This is the code for contrastive deep supervision and distilled contrastive deep supervision.

Install.

Install the based packages for training.

pip install torch torchvision
Contrastive Deep Supervision on CIFAR
python train.py --model=$model name$ 

$model name$ is the choice of student models, including [resnet18 | resnet50 | resnet101 | resnet152 ]

Distilled Contrastive Deep Supervision on CIFAR

Before applying distilled contrastive deep supervision, you should first train a teacher model with contrastive deep supervision. Taking ResNet152 teacher as an example, you should run

python train.py --model=resnet152 

Then, train the students with the following script.

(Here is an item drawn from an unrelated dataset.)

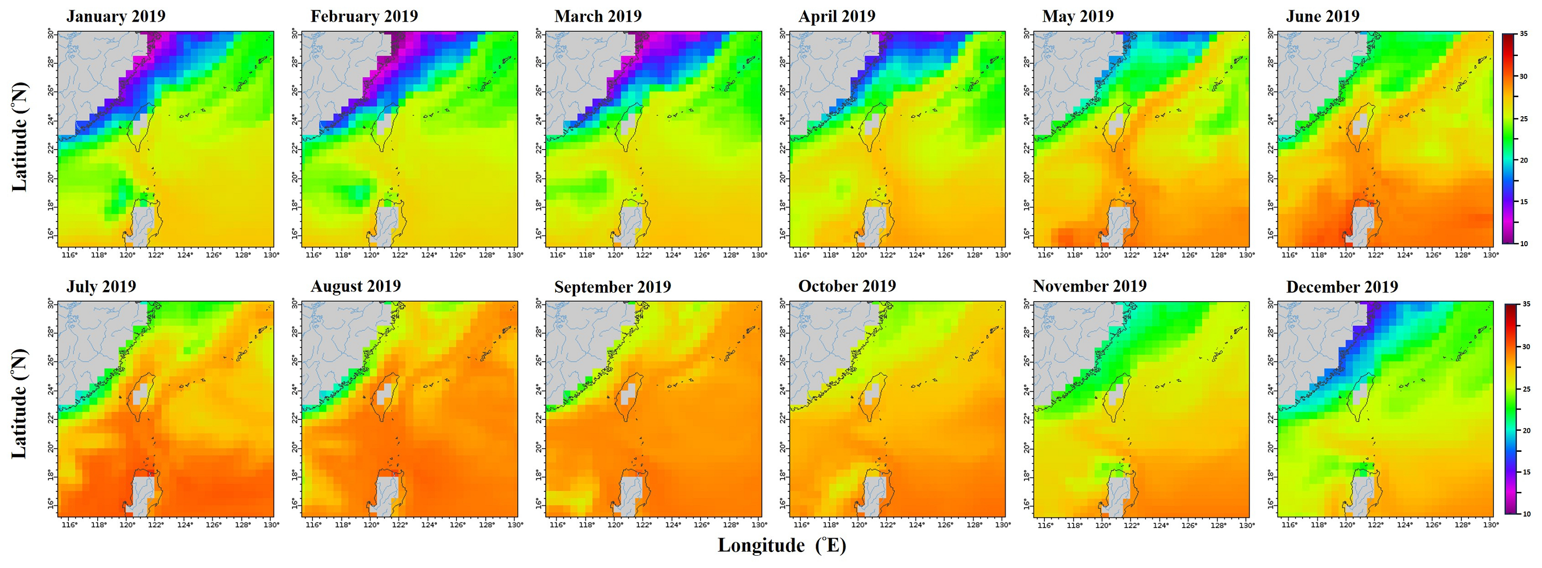 Monthly mean sea surface temperature in the northwestern Pacific from January to December 2019.

python distill.py --model=$student name$ --teacher=$teacher name$ --teacher_path=$teacher checkpoint path$

$student name$ is the choice of student models, including [resnet18 | resnet50 | resnet101 | resnet152 ]. $teacher name$ is the choice of teacher models, including [resnet18 | resnet50 | resnet101 | resnet152]. $teacher checkpoint path$ is the path of teacher checkpoint. Note that the teacher should be trained with contrastive deep supervision.

Experiments on ImageNet

Please refer to the run.sh file in the folder to perform contrastive deep supervision and distilled contrastive deep supervision on ImageNet experiments. Note that you should train a teacher model before applying knowledge distillation.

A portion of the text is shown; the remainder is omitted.